Material to process Block Start

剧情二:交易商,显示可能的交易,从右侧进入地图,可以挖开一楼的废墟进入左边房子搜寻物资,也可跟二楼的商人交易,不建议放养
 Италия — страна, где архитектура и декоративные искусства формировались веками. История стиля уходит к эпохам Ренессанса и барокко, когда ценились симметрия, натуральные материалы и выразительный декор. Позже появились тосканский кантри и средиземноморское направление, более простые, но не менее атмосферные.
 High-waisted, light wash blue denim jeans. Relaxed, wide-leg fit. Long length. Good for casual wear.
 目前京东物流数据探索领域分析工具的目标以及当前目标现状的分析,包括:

Material to process Block End
Material to process Block Start

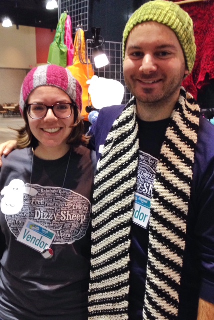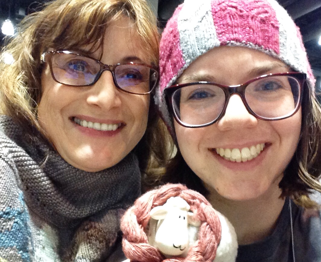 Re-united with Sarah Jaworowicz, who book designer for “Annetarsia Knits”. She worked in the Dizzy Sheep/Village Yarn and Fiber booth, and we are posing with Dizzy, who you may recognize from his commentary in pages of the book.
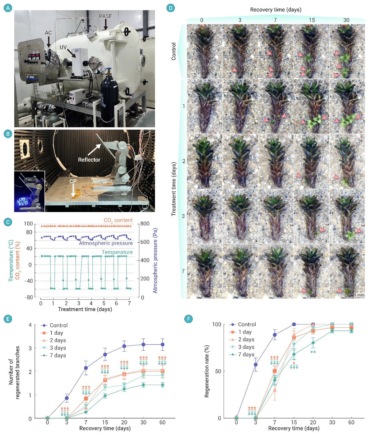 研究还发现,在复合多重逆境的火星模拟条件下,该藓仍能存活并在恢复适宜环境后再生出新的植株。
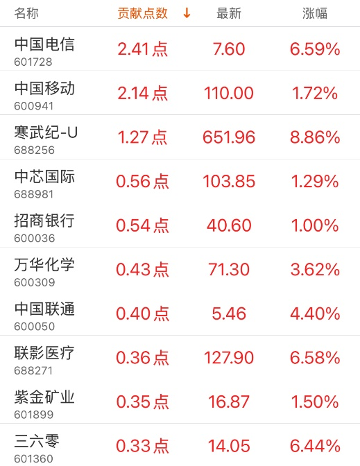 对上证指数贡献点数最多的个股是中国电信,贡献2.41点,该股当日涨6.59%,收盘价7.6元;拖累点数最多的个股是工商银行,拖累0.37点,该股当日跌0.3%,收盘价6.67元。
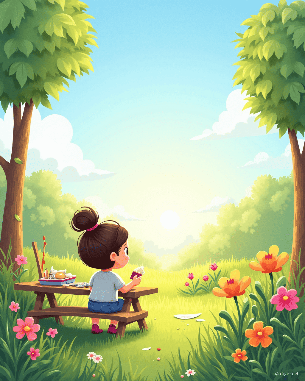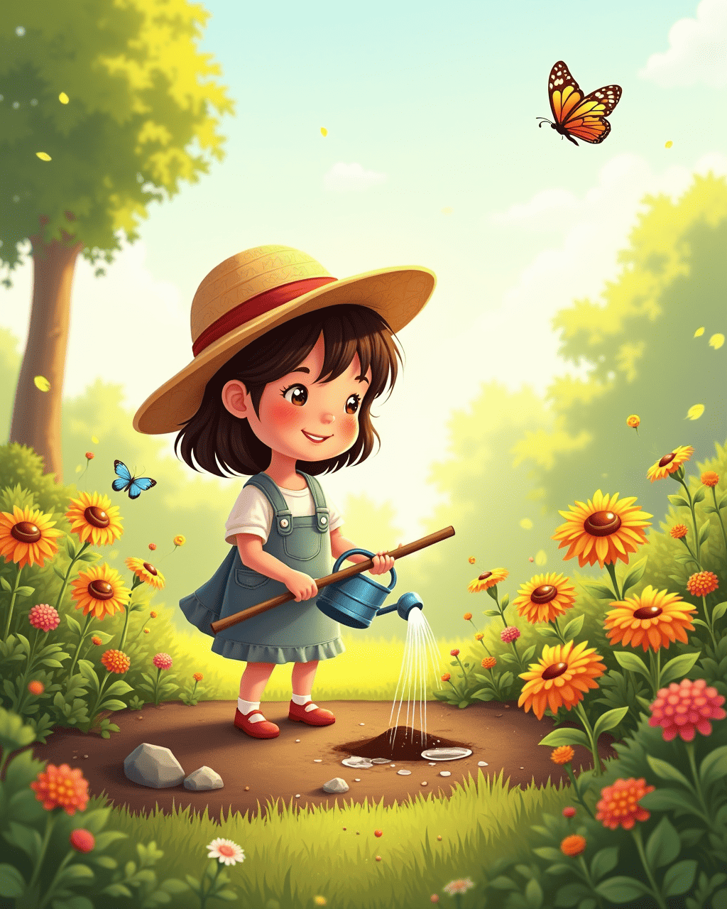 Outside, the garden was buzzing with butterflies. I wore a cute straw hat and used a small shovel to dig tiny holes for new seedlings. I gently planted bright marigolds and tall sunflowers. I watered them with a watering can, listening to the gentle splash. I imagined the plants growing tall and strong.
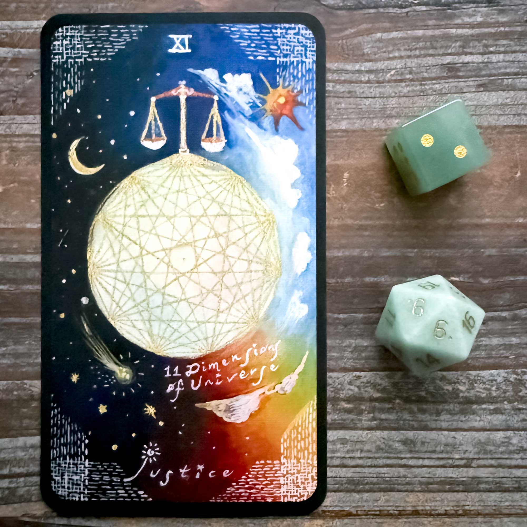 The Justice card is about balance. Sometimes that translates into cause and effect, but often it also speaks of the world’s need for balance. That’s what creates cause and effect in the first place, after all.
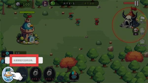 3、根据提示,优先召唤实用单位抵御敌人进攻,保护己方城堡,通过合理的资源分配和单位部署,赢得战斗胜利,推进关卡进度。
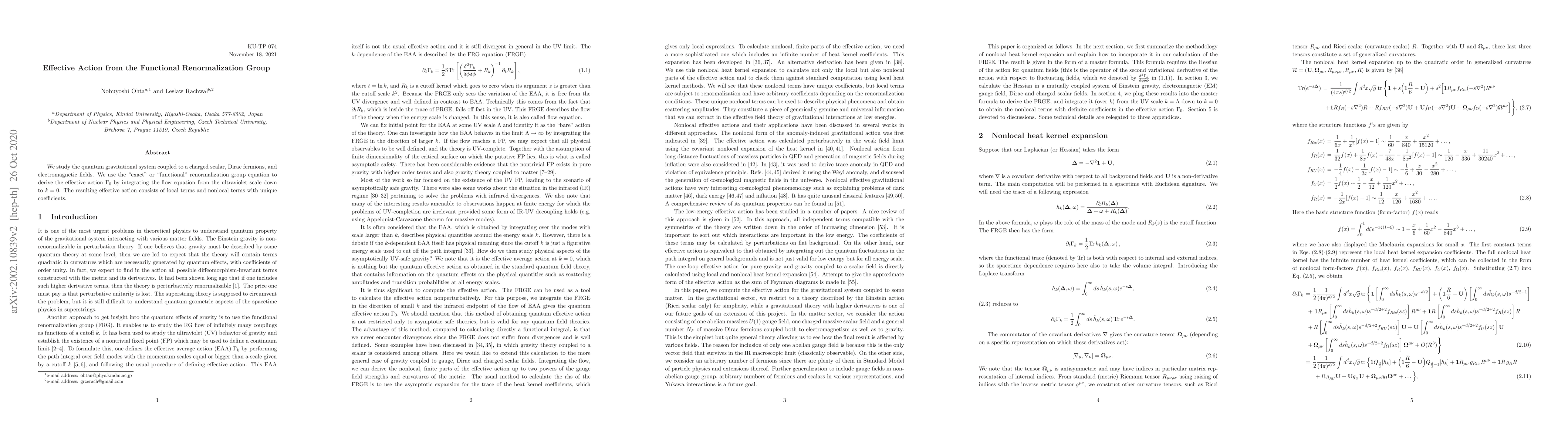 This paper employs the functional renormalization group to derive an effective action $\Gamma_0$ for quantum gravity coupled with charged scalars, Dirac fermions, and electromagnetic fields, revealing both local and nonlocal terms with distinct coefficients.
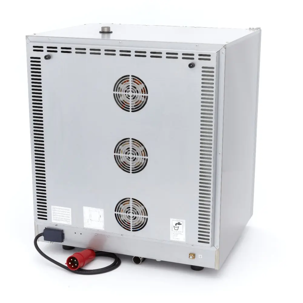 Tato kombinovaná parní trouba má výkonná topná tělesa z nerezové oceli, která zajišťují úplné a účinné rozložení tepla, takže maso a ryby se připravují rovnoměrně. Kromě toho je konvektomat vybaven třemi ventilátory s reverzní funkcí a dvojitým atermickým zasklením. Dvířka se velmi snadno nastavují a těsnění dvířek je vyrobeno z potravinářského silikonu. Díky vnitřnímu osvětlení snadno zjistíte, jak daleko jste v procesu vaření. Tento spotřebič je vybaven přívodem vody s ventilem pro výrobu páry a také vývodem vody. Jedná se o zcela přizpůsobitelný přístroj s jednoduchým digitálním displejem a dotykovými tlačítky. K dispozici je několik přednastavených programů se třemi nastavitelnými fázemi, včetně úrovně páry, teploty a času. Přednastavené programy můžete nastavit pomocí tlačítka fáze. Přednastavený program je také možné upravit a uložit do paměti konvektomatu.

Material to process Block End

An exact copy is needed. It runs from the line above containing "Re-united with Sarah" down to the line containing "This paper employs", both included, with no pictures.

* **Output**
 Re-united with Sarah Jaworowicz, who book designer for “Annetarsia Knits”. She worked in the Dizzy Sheep/Village Yarn and Fiber booth, and we are posing with Dizzy, who you may recognize from his commentary in pages of the book.
 研究还发现,在复合多重逆境的火星模拟条件下,该藓仍能存活并在恢复适宜环境后再生出新的植株。
 对上证指数贡献点数最多的个股是中国电信,贡献2.41点,该股当日涨6.59%,收盘价7.6元;拖累点数最多的个股是工商银行,拖累0.37点,该股当日跌0.3%,收盘价6.67元。
 Outside, the garden was buzzing with butterflies. I wore a cute straw hat and used a small shovel to dig tiny holes for new seedlings. I gently planted bright marigolds and tall sunflowers. I watered them with a watering can, listening to the gentle splash. I imagined the plants growing tall and strong.
 The Justice card is about balance. Sometimes that translates into cause and effect, but often it also speaks of the world’s need for balance. That’s what creates cause and effect in the first place, after all.
 3、根据提示,优先召唤实用单位抵御敌人进攻,保护己方城堡,通过合理的资源分配和单位部署,赢得战斗胜利,推进关卡进度。
 This paper employs the functional renormalization group to derive an effective action $\Gamma_0$ for quantum gravity coupled with charged scalars, Dirac fermions, and electromagnetic fields, revealing both local and nonlocal terms with distinct coefficients.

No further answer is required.